What to produce: In the copy, include no pictures. Reproduce the rest of the entries exactly.

[Collection entries]
▼

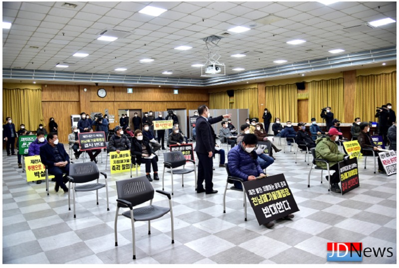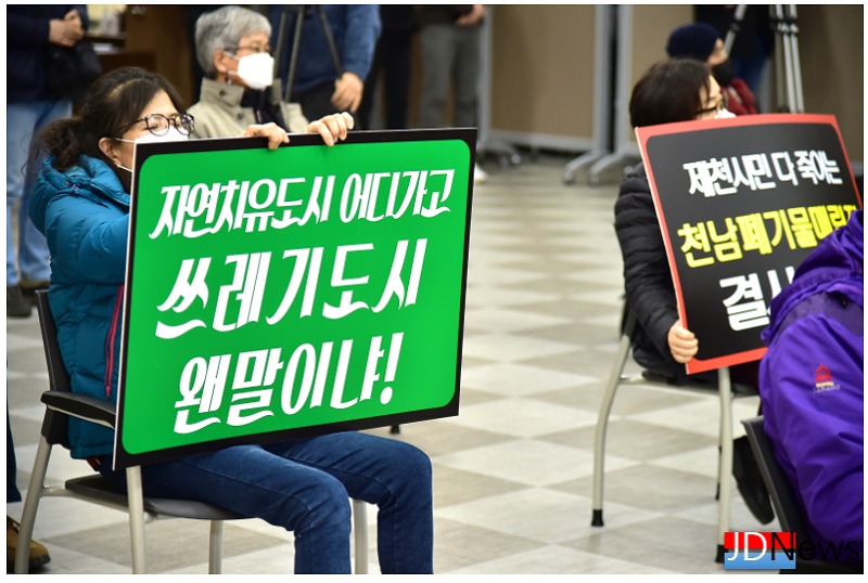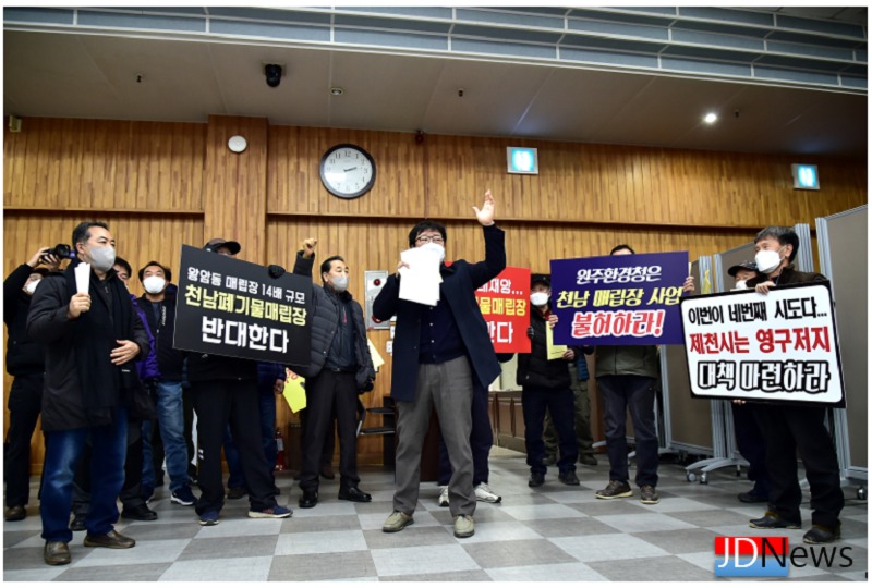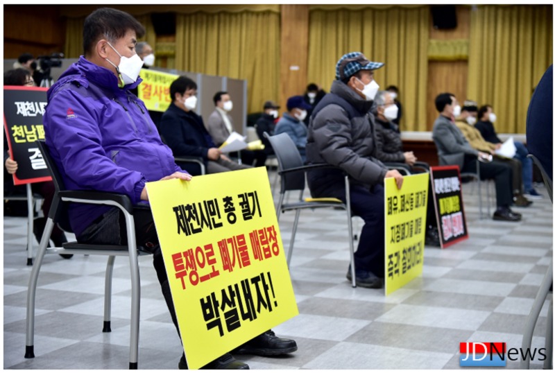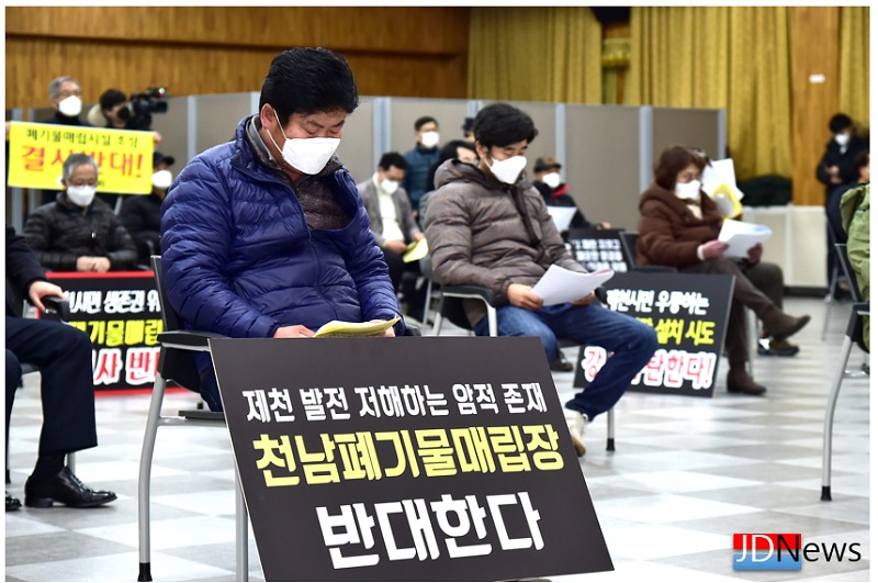 JD News 이용희 기자 = 충북 제천시 천남동에 들어서는 대규모 민간 폐기물매립장 조성사업에 대한 주민설명회가 참석자들이 강력한 반대로 제대로 열리지도 못하고 파행됐다.
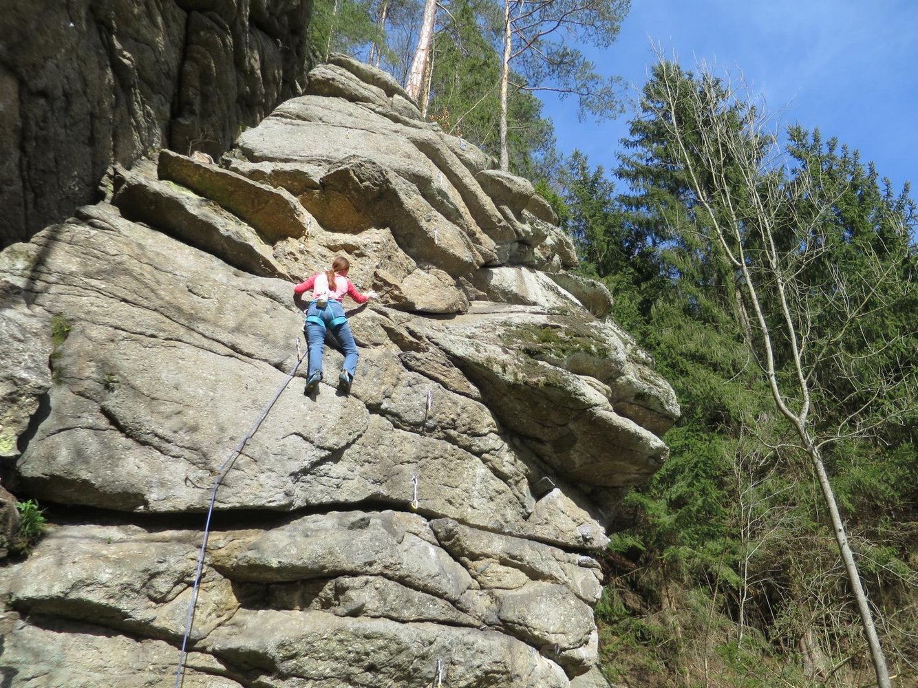 Vom Parkplatz geht bei der Brücke gehten orographisch liniks zwei Forststrassen ab. Jener (am Beginn Holztafel Burgsteig) die parallel zum Graben verläuft ca, 200 m nach Süden folgen und in einer Linkskehre (bei einer Eisenstange) auf Steigspuren zum Klettergarten absteigen
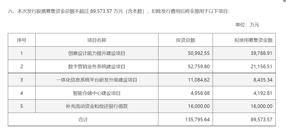 几经修订,2023年7月这笔定增最终获批复。据定增注册稿,募集资金将用于创意设计能力提升建设项目、数字营销业务系统建设项目、一体化信息系统平台研发升级建设项目、智能仓储中心建设项目以及补充流动资金和偿还银行借款。
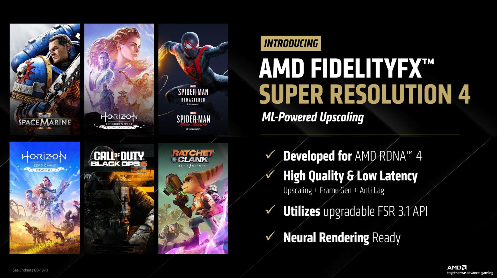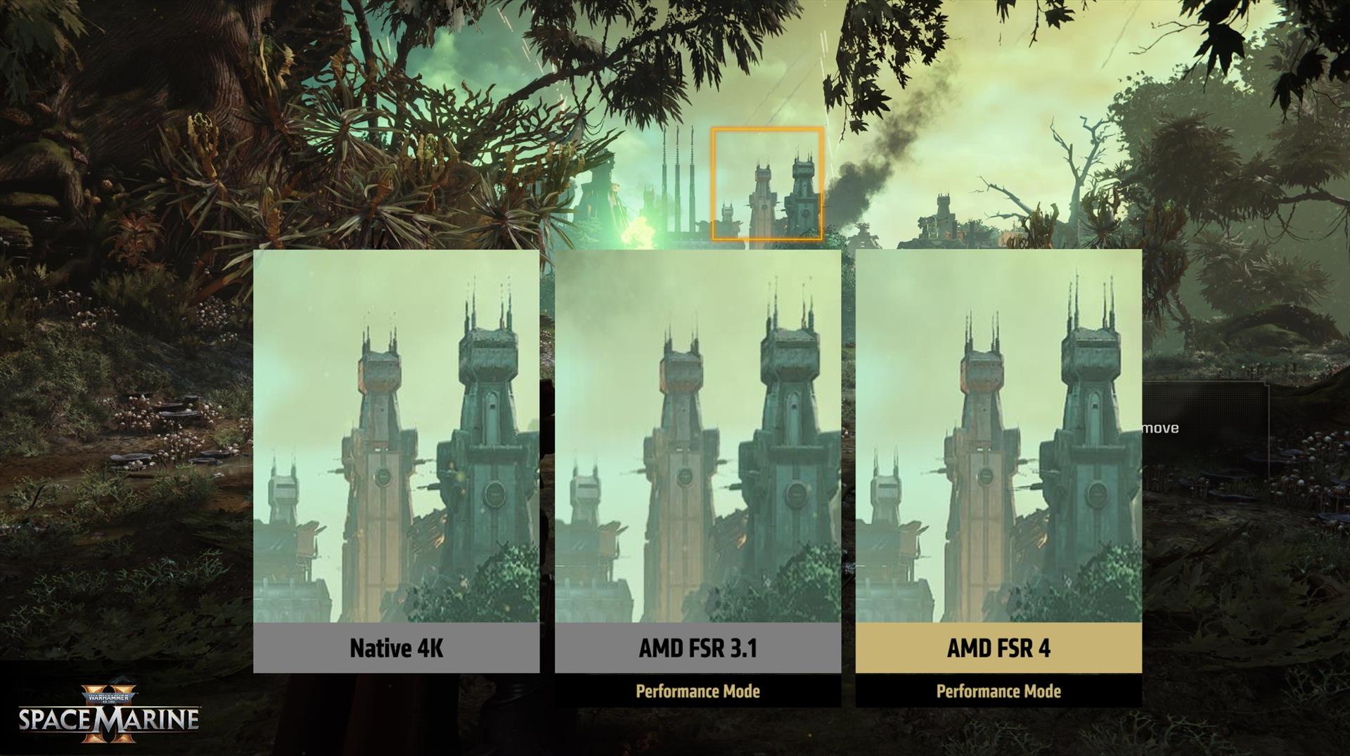 On the software side of things, AMD continues to improve their suite of products to enhance gaming. The big one is AMD FidelityFX Super Resolution 4 or FSR4. AMD’s FSR looks to improve on the image quality when upscaling games. In the one image below, you can see the quality improvements in the building’s extended structure even over native rendering. They look more accurate and more visible. AMD’s FSR technology has been a little bit behind compared to NVIDIA’s DLSS technology so it’s good to see the improvement. AMD has said that FSR4 will only be on the two RDNA 4 cards at launch, but hopefully it’ll come to older GPUs in the near future. At launch, there will be around 30 or so games that will have FSR4 available with more than 75 coming this year.
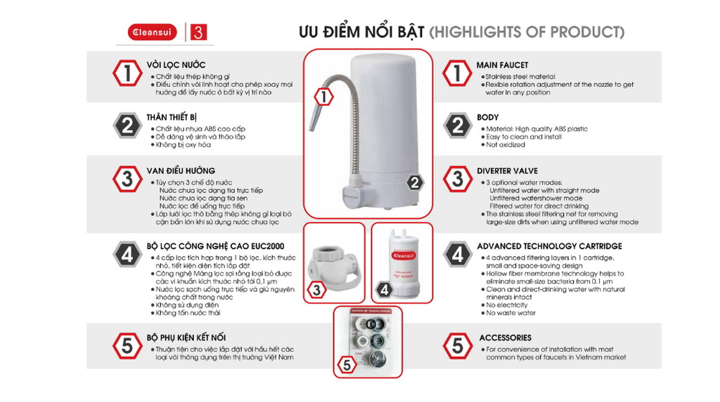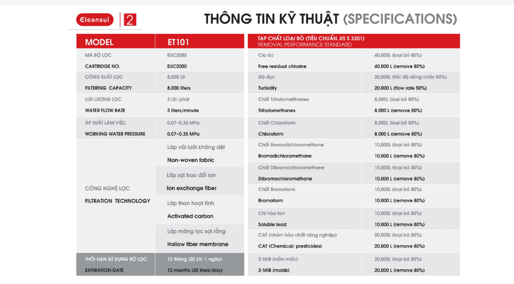 Máy lọc nước ET101 với công nghệ lọc 1 lõi đạt tiêu chuẩn quốc tế, sản xuất tại Nhật Bản giúp loại bỏ 13 tạp chất nhỏ đến 0.1mm cùng gỉ sắt, clo dư nhưng vẫn giữ lại khoáng chất cần thiết cho cơ thể, cho nước có vị ngon tự nhiên. Máy lọc không dùng điện, không lãng phí nước. Quy trình lắp đơn giản, điều chỉnh vòi nước linh hoạt và dễ dàng
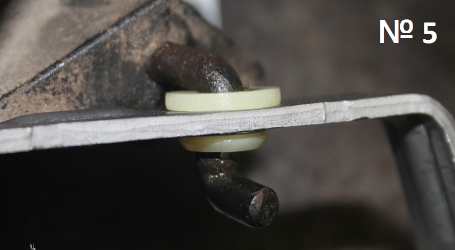 Оранжевата втулка е в края на хоризонталния лост,към двигателя. Лошото е,че за да се смени другата втулка/ в кутията, в купето/ се налага снемането на част от ауспуха и изолацията над него. Разбутването- керноваш положението на предния край на хор. лост и при събирането се внимава да съвпаднат керните.
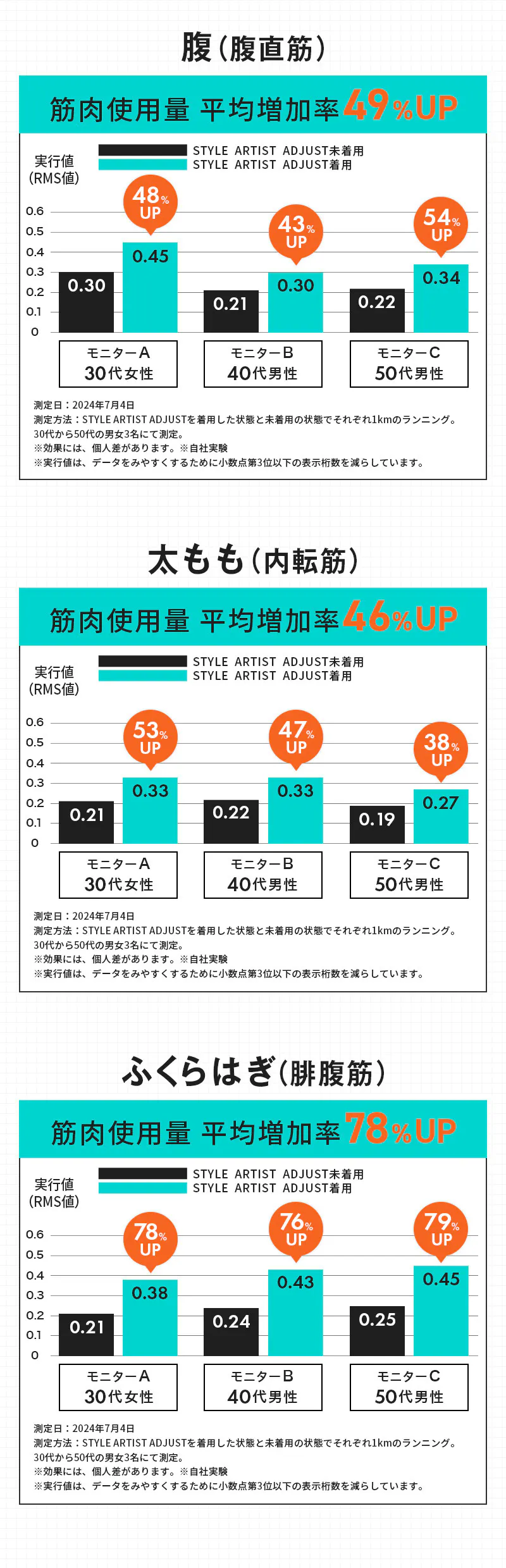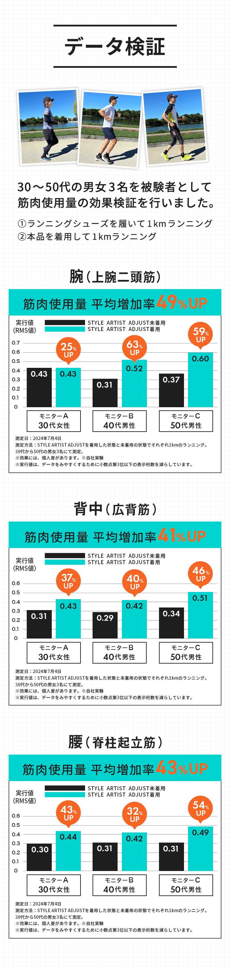 測定方法:STYLE ARTIST ADJUSTを着用した状態と未着用の状態でそれぞれ1kmランニング。30代から50代の男女3名にて測定
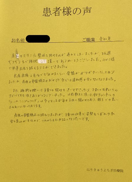 産前のマタニティ整体を始めるのが遅れてしまいましたが、36週ギリギリまで施術して頂いてありがとうございました。
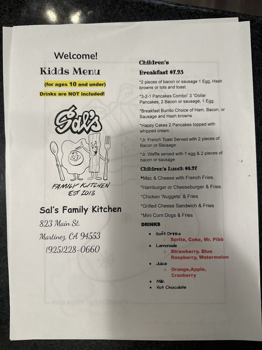 Sal's Family Kitchen offers a straightforward American café menu designed around comfort and familiarity. The dishes are perfect for those seeking hearty breakfasts or casual daytime meals in a cozy, unpretentious setting. Whether starting the day with a flavorful breakfast burrito or enjoying a plate of classic eggs and hashbrowns, the menu reflects a focus on satisfying, well-prepared classics that complement the warm, homey atmosphere.
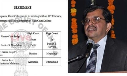 ഡൽഹി ഹൈക്കോടതി ചീഫ് ജസ്റ്റിസ് എസ്.മുരളീധറിനെ പഞ്ചാബ്-ഹരിയാന ഹൈക്കോടതിയിലേക്ക് സ്ഥലം മാറ്റിക്കൊണ്ടുള്ള വിജ്ഞാപനം കഴിഞ്ഞ ദിവസം അർധരാത്രിയോടെയാണ് പുറത്തിറങ്ങിയത്.സ്ഥലം മാറ്റാന് നേരത്തെയുള്ള കൊളീജിയം ശുപാര്ശ പ്രകാരമുള്ള വിജ്ഞാപനം കഴിഞ്ഞ ദിവസം അർധരാത്രിയോടെ സര്ക്കാർ പുറത്തിറക്കുകയായിരുന്നു.മുരളീധറിനെ പഞ്ചാബ്-
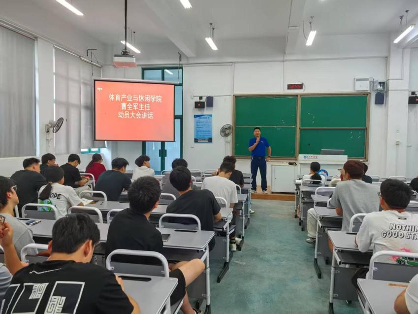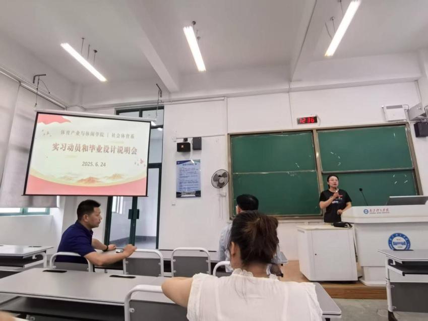 为切实做好社会体育系学生实习工作,保障毕业设计高质量完成,2025年6月24日,体育产业与休闲学院社会体育系在仙林校区召开2022级学生实习暨毕业论文选题动员大会。院长郭修金、系主任曹全军、系副主任周晶、相关实习带队老师、论文指导老师以及全体学生参加会议。会议由周晶主持。
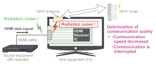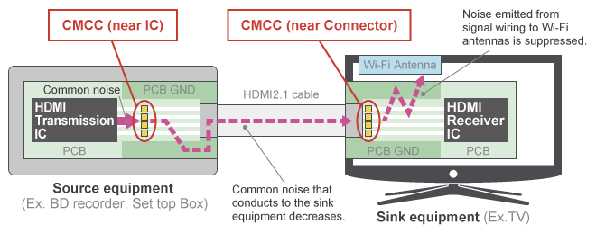 The sink-side CMCC can suppress the common mode noise generated from the HDMI signal wiring of the sink equipment by preventing common mode noise from entering the Wi-Fi antenna.

▲

Result of the task:
 JD News 이용희 기자 = 충북 제천시 천남동에 들어서는 대규모 민간 폐기물매립장 조성사업에 대한 주민설명회가 참석자들이 강력한 반대로 제대로 열리지도 못하고 파행됐다.
 Vom Parkplatz geht bei der Brücke gehten orographisch liniks zwei Forststrassen ab. Jener (am Beginn Holztafel Burgsteig) die parallel zum Graben verläuft ca, 200 m nach Süden folgen und in einer Linkskehre (bei einer Eisenstange) auf Steigspuren zum Klettergarten absteigen
 几经修订,2023年7月这笔定增最终获批复。据定增注册稿,募集资金将用于创意设计能力提升建设项目、数字营销业务系统建设项目、一体化信息系统平台研发升级建设项目、智能仓储中心建设项目以及补充流动资金和偿还银行借款。
 On the software side of things, AMD continues to improve their suite of products to enhance gaming. The big one is AMD FidelityFX Super Resolution 4 or FSR4. AMD’s FSR looks to improve on the image quality when upscaling games. In the one image below, you can see the quality improvements in the building’s extended structure even over native rendering. They look more accurate and more visible. AMD’s FSR technology has been a little bit behind compared to NVIDIA’s DLSS technology so it’s good to see the improvement. AMD has said that FSR4 will only be on the two RDNA 4 cards at launch, but hopefully it’ll come to older GPUs in the near future. At launch, there will be around 30 or so games that will have FSR4 available with more than 75 coming this year.
 Máy lọc nước ET101 với công nghệ lọc 1 lõi đạt tiêu chuẩn quốc tế, sản xuất tại Nhật Bản giúp loại bỏ 13 tạp chất nhỏ đến 0.1mm cùng gỉ sắt, clo dư nhưng vẫn giữ lại khoáng chất cần thiết cho cơ thể, cho nước có vị ngon tự nhiên. Máy lọc không dùng điện, không lãng phí nước. Quy trình lắp đơn giản, điều chỉnh vòi nước linh hoạt và dễ dàng
 Оранжевата втулка е в края на хоризонталния лост,към двигателя. Лошото е,че за да се смени другата втулка/ в кутията, в купето/ се налага снемането на част от ауспуха и изолацията над него. Разбутването- керноваш положението на предния край на хор. лост и при събирането се внимава да съвпаднат керните.
 測定方法:STYLE ARTIST ADJUSTを着用した状態と未着用の状態でそれぞれ1kmランニング。30代から50代の男女3名にて測定
 産前のマタニティ整体を始めるのが遅れてしまいましたが、36週ギリギリまで施術して頂いてありがとうございました。
 Sal's Family Kitchen offers a straightforward American café menu designed around comfort and familiarity. The dishes are perfect for those seeking hearty breakfasts or casual daytime meals in a cozy, unpretentious setting. Whether starting the day with a flavorful breakfast burrito or enjoying a plate of classic eggs and hashbrowns, the menu reflects a focus on satisfying, well-prepared classics that complement the warm, homey atmosphere.
 ഡൽഹി ഹൈക്കോടതി ചീഫ് ജസ്റ്റിസ് എസ്.മുരളീധറിനെ പഞ്ചാബ്-ഹരിയാന ഹൈക്കോടതിയിലേക്ക് സ്ഥലം മാറ്റിക്കൊണ്ടുള്ള വിജ്ഞാപനം കഴിഞ്ഞ ദിവസം അർധരാത്രിയോടെയാണ് പുറത്തിറങ്ങിയത്.സ്ഥലം മാറ്റാന് നേരത്തെയുള്ള കൊളീജിയം ശുപാര്ശ പ്രകാരമുള്ള വിജ്ഞാപനം കഴിഞ്ഞ ദിവസം അർധരാത്രിയോടെ സര്ക്കാർ പുറത്തിറക്കുകയായിരുന്നു.മുരളീധറിനെ പഞ്ചാബ്-
 为切实做好社会体育系学生实习工作,保障毕业设计高质量完成,2025年6月24日,体育产业与休闲学院社会体育系在仙林校区召开2022级学生实习暨毕业论文选题动员大会。院长郭修金、系主任曹全军、系副主任周晶、相关实习带队老师、论文指导老师以及全体学生参加会议。会议由周晶主持。
 The sink-side CMCC can suppress the common mode noise generated from the HDMI signal wiring of the sink equipment by preventing common mode noise from entering the Wi-Fi antenna.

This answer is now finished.